DATA PROVIDED:
⁂

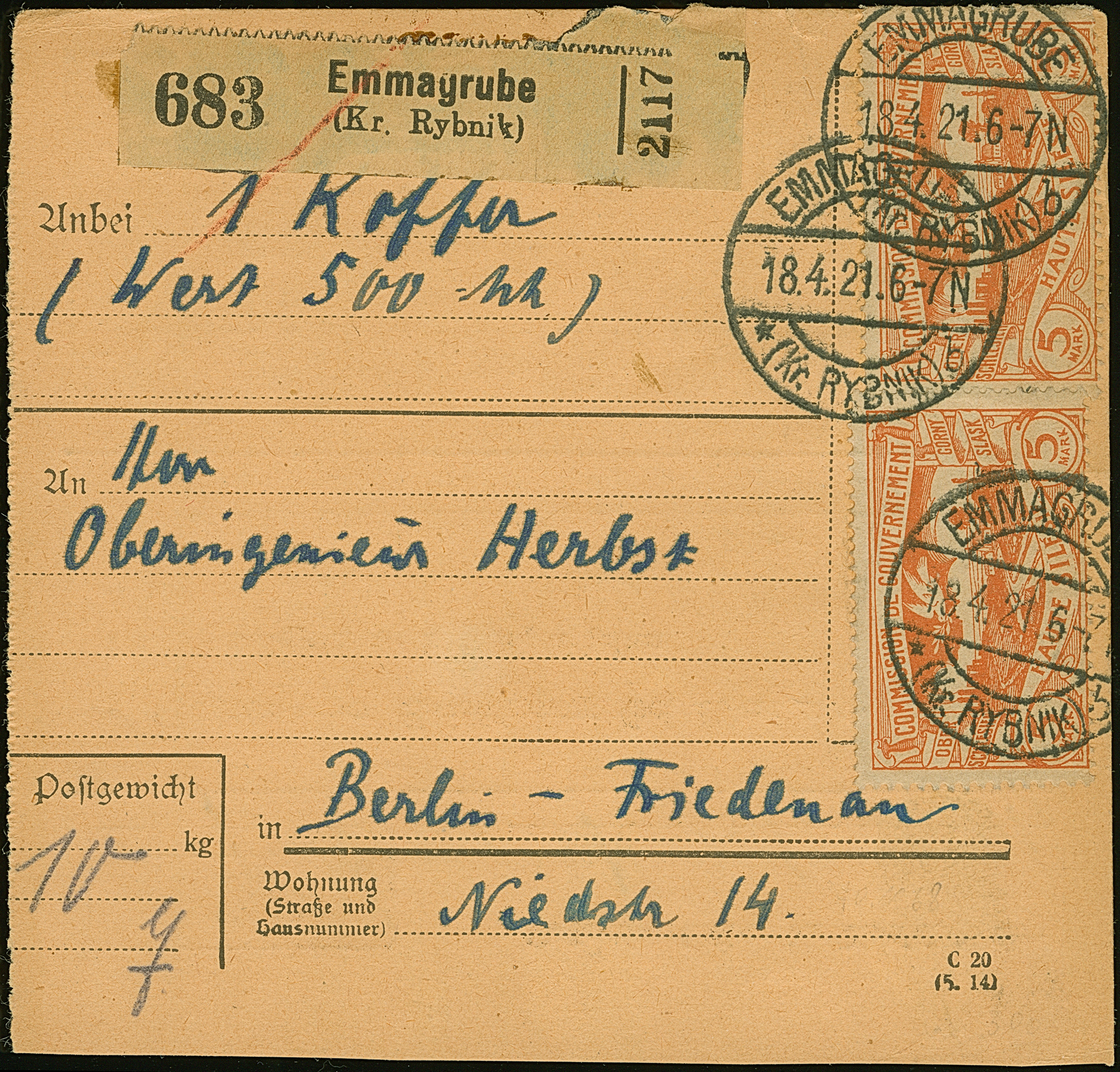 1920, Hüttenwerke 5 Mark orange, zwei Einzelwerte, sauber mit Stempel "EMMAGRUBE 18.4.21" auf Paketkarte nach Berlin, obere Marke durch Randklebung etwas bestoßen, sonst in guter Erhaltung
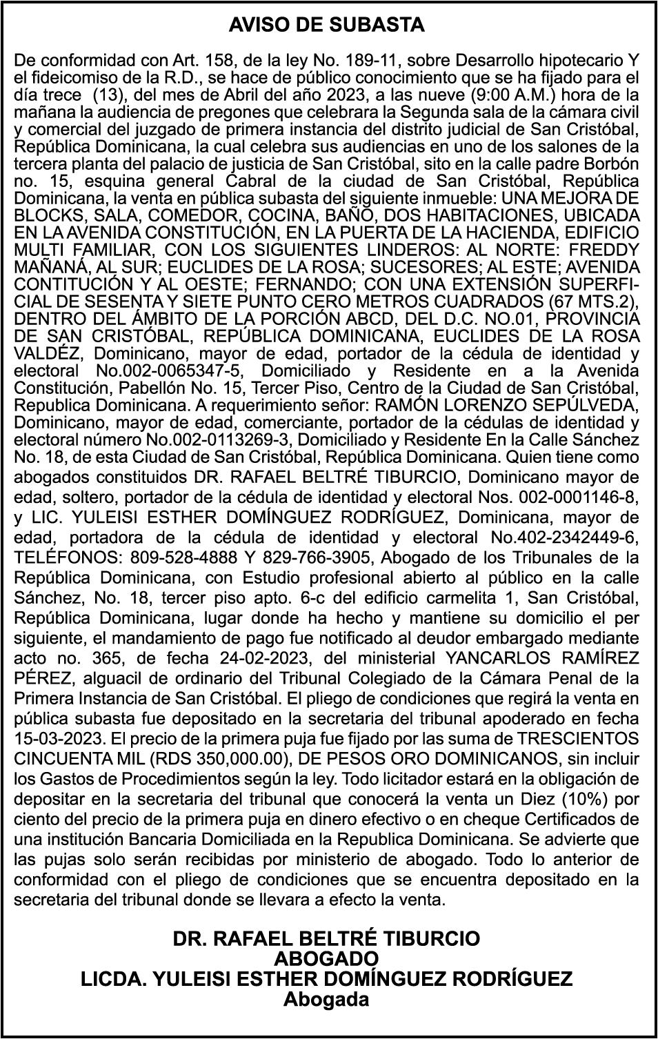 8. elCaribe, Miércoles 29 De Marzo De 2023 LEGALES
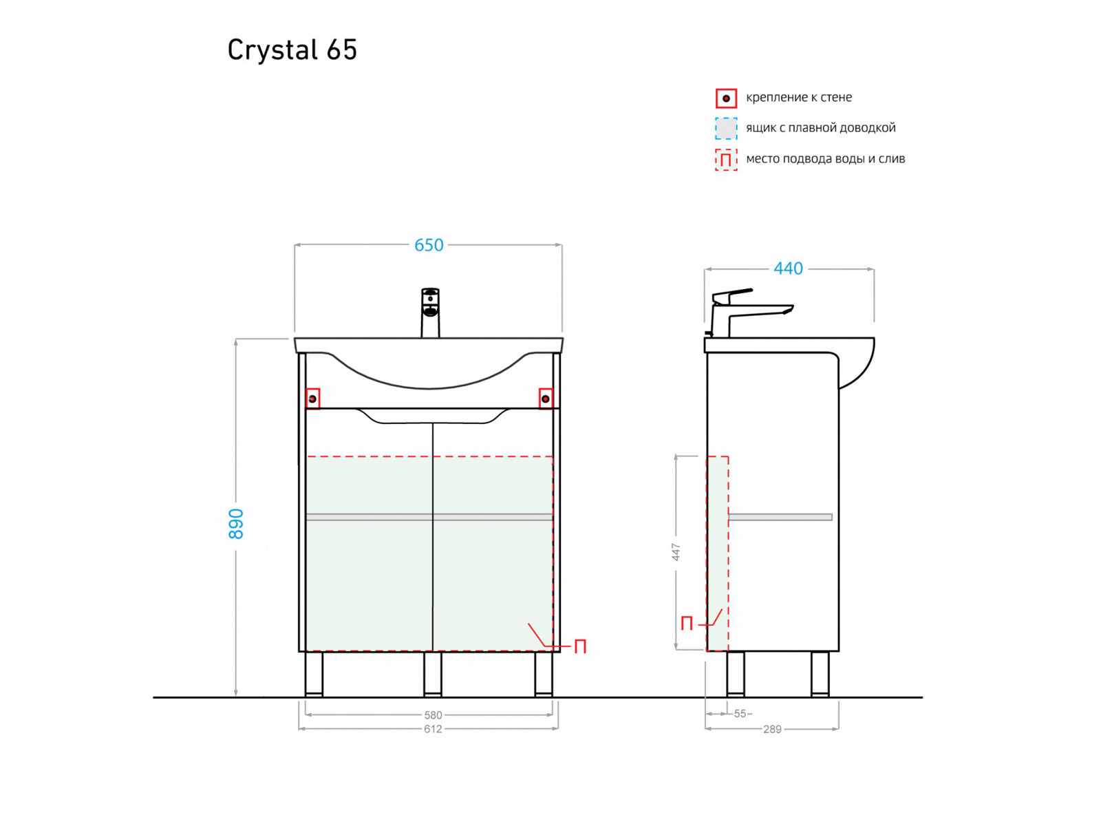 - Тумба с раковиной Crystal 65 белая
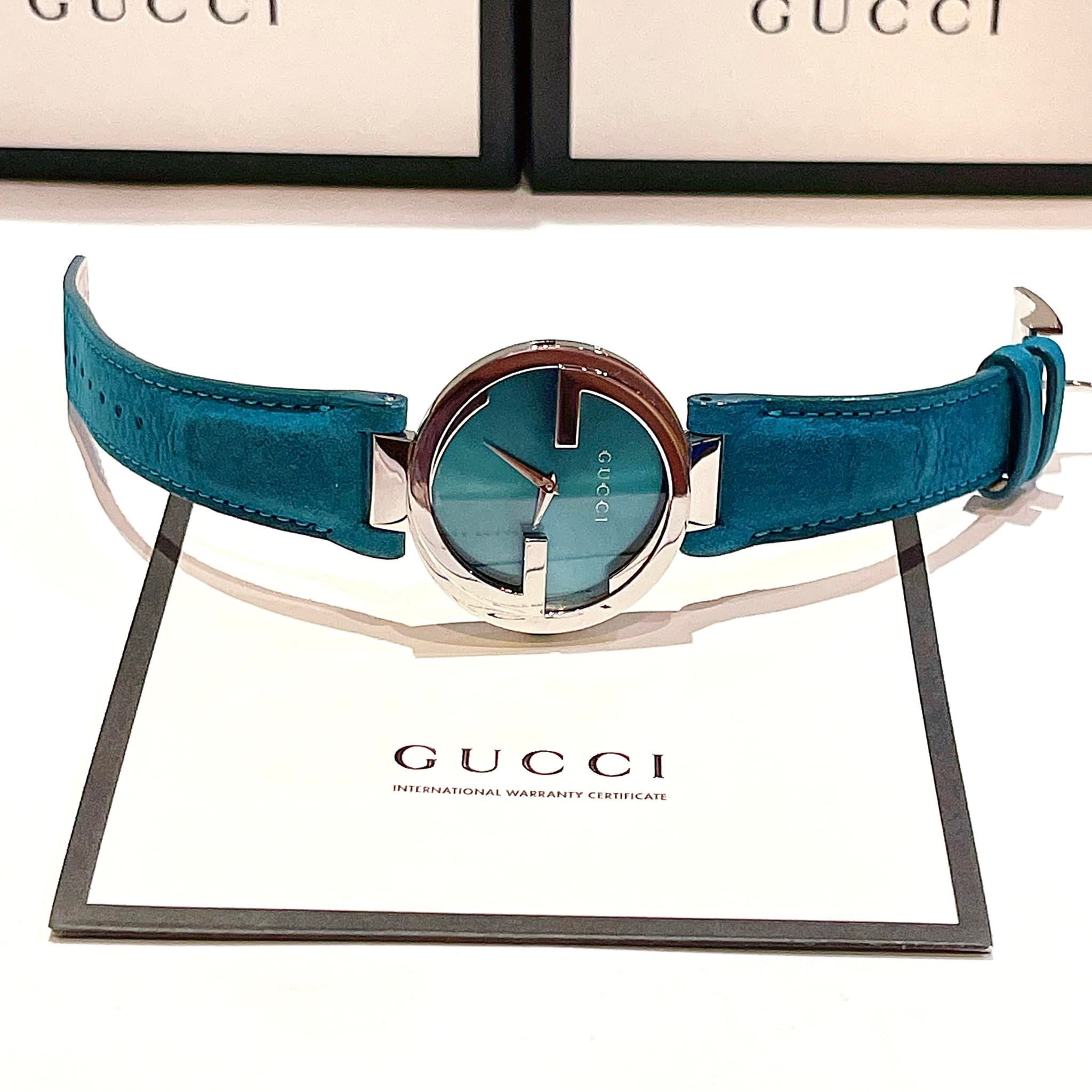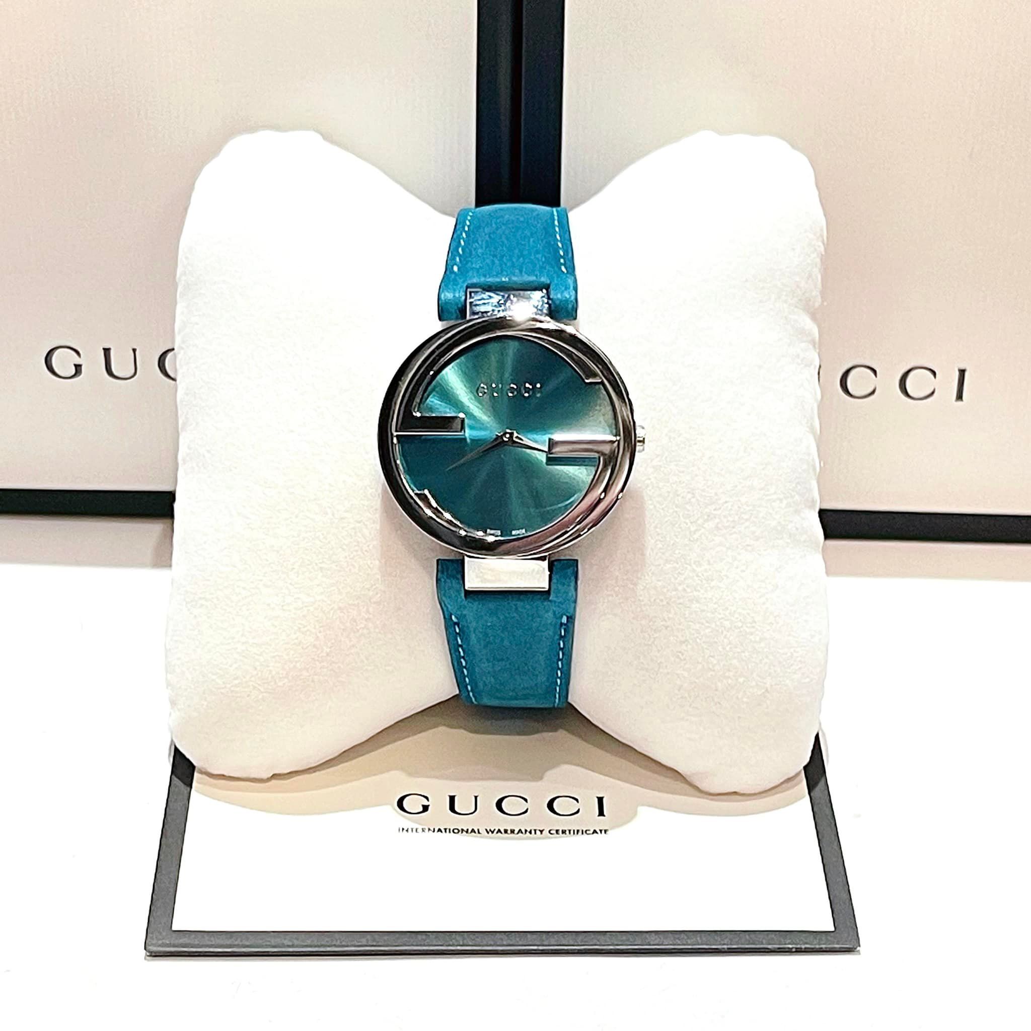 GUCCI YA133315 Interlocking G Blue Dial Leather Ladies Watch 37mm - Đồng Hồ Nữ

⁂

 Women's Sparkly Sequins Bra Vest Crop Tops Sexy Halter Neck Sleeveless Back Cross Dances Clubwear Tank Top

⁂

WORK INSTRUCTIONS:
Exactly the lines starting at the one above with "- Тумба с раковиной Crystal 65 белая" and ending at the one with "GUCCI YA133315 Interlocking" should be printed, and nothing else. Omit the pictures.

REPLY TO THE EXERCISE:
 - Тумба с раковиной Crystal 65 белая
 GUCCI YA133315 Interlocking G Blue Dial Leather Ladies Watch 37mm - Đồng Hồ Nữ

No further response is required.